After finally checking out your original try, I'm realizing that creating an epoch timestamp is absolutely not necessary here. The date given in file1/file2 is sortable without transformation.

Ok. I leave some of the fun for you. But it has nothing to do with either file being larger or smaller. It is probably point 2 of the list of my last post

aachave1 · August 14, 2016, 5:00pm

Okay, but why does it only have issues when one file is larger than the other, but works fine the other way around? This is the case for both sets of code that you had. Any hints as to why?

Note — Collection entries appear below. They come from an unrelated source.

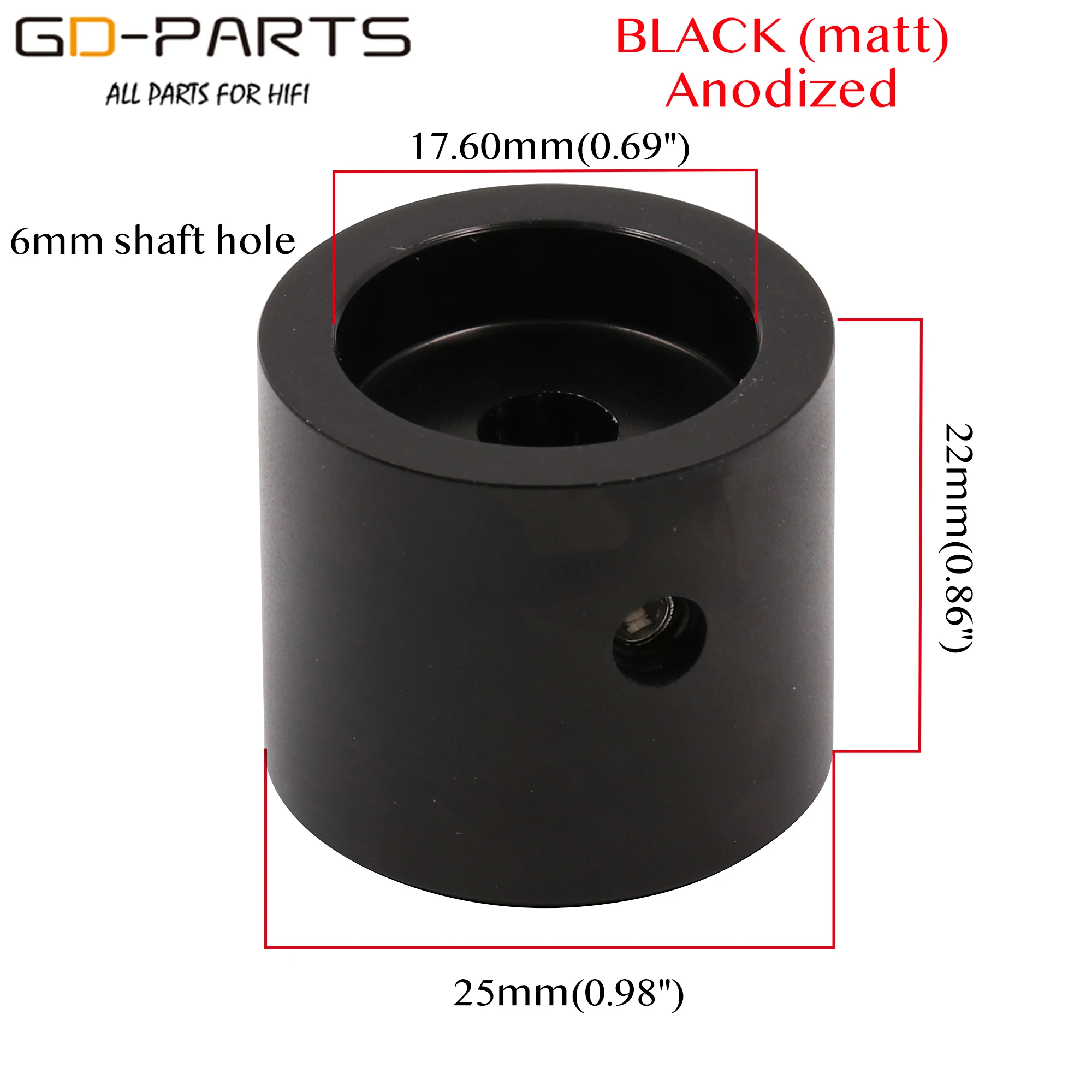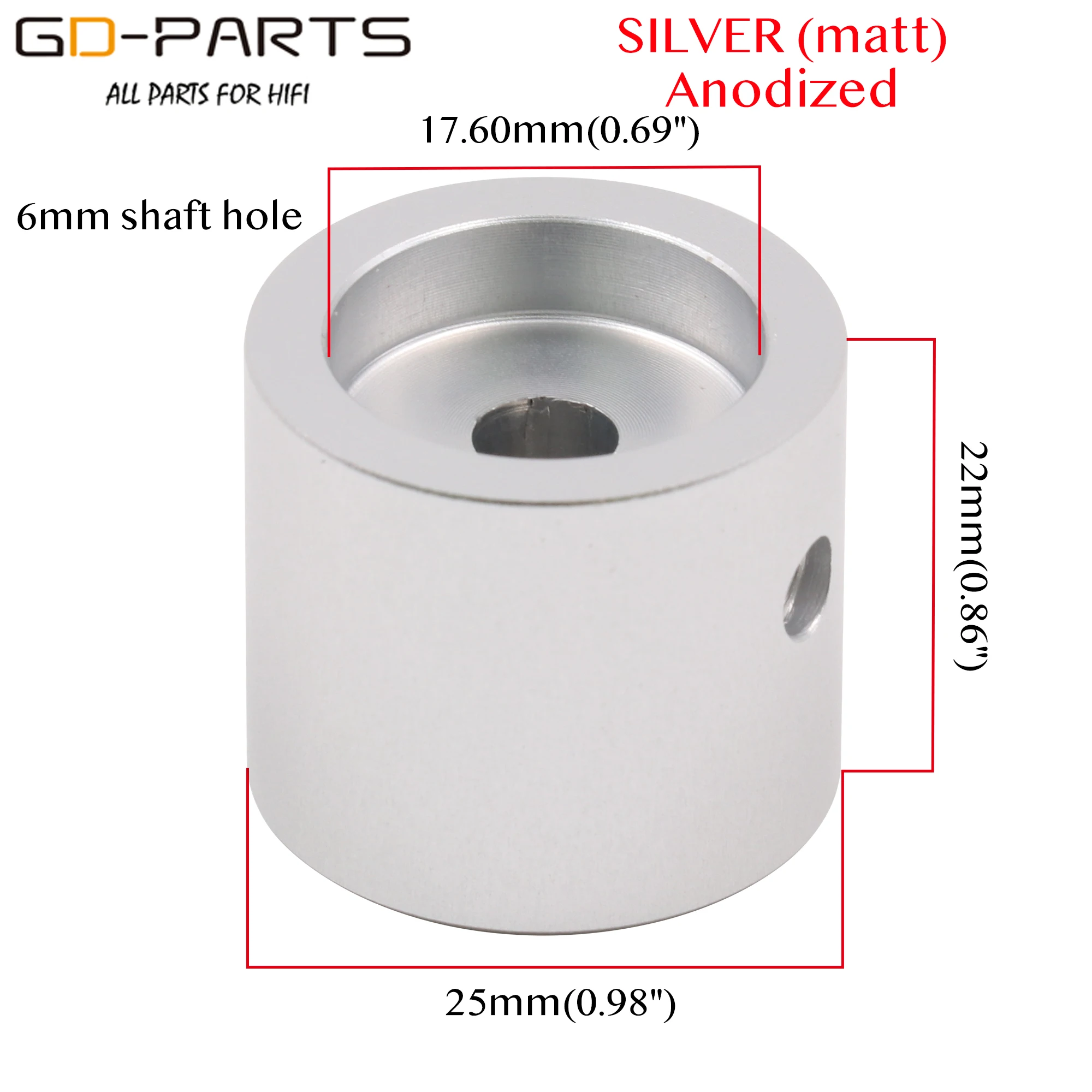 Материал: Твердый Алюминий, обработанный ЧПУ Цвет: серебристый, черный Поверхность: анодированная, пескоструйная обработка Диаметр: 25 мм • Высота: 22 мм Отверстие вала: 6 мм С установочный винт Количество: 1 шт./лот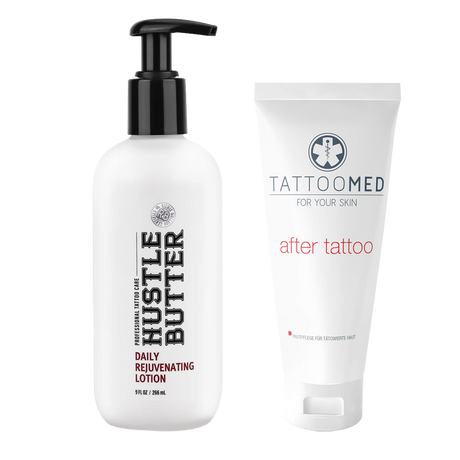 - Ziedes & Vazelīns: Izvēlieties no dažādām ziedēm, kas paredzētas mitruma saglabāšanai un dziedināšanas veicināšanai. Inkeeze Pink Rose Tetovējumu Ziede un Otzi Tetovējumu Krēms ir lieliskas izvēles ādas veselības uzturēšanai.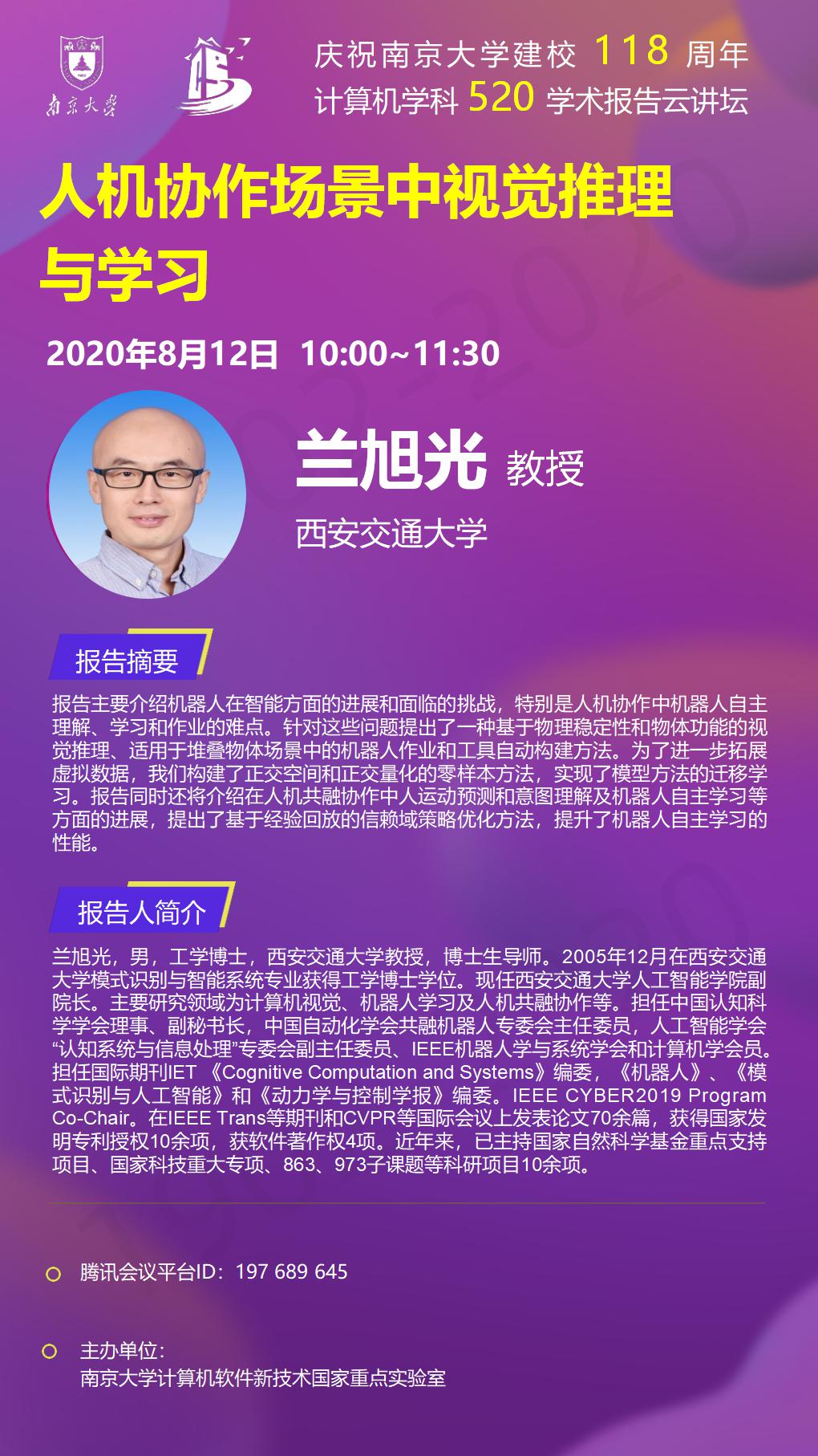 庆祝BETWAY必威建校118周年 计算机学科520学术报告云讲坛- 兰旭光 教授

Where can I actually attach my "real" files to this forum?

I will try a few things now. Thanks!

joker · August 14, 2016, 5:17pm

I suppose that's coincidence.

TIMEFORMATTED,CCSDS_VERSION,CCSDS_TYPE,CCSDS_2HDR_FLAG,CCSDS_APID,CCSDS_GRP_FLAGS,CCSDS_SEQ_COUNT,CCSDS_PKT_LEN,CCSDS_DOY,CCSDS_MSEC
TIMEFORMATTED,G_CCSDS_VERSION,G_CCSDS_TYPE,G_CCSDS_2HDR_FLAG,G_CCSDS_APID,G_CCSDS_GRP_FLAGS,G_CCSDS_SEQ_COUNT,G_CCSDS_PKT_LEN,G_CCSDS_DOY,G_CCSDS_MSEC
1399471375,1,2014/04/07 16:02:55,0,0,1,572,3,0,1917,20550,57775339
1399471380,1,2014/04/07 16:03:00,0,0,1,572,3,0,1917,20550,57780339
1399471385,1,2014/04/07 16:03:05,0,0,1,572,3,0,1917,20550,57785339

If you sort the above with numeric sort which I chose(sort -n), the numeric value of both of the first two lines is 0. Then a fallback of a string sort is used and hereby the header line of FILE2(CCSDS_VERSION) is smaller than the header line of FILE1(G_CCSDS_VERSION) which is decided at the colored character(C<G).If the C Character is something greater than G (H,I,....), the header lines are wrongly switched.

The rest of the file is correctly sorted because my generated epoch timestamps should exactly be sorted numerically.

You can verify that, if you for example insert an "A" at the beginning of the second field in your problematic file 2 in the first header line. Then the output should be correct.

If my diagnosis is correct, the obvious question is: What can be done about this error here?

---

You can attach files to your post in "Advanced mode".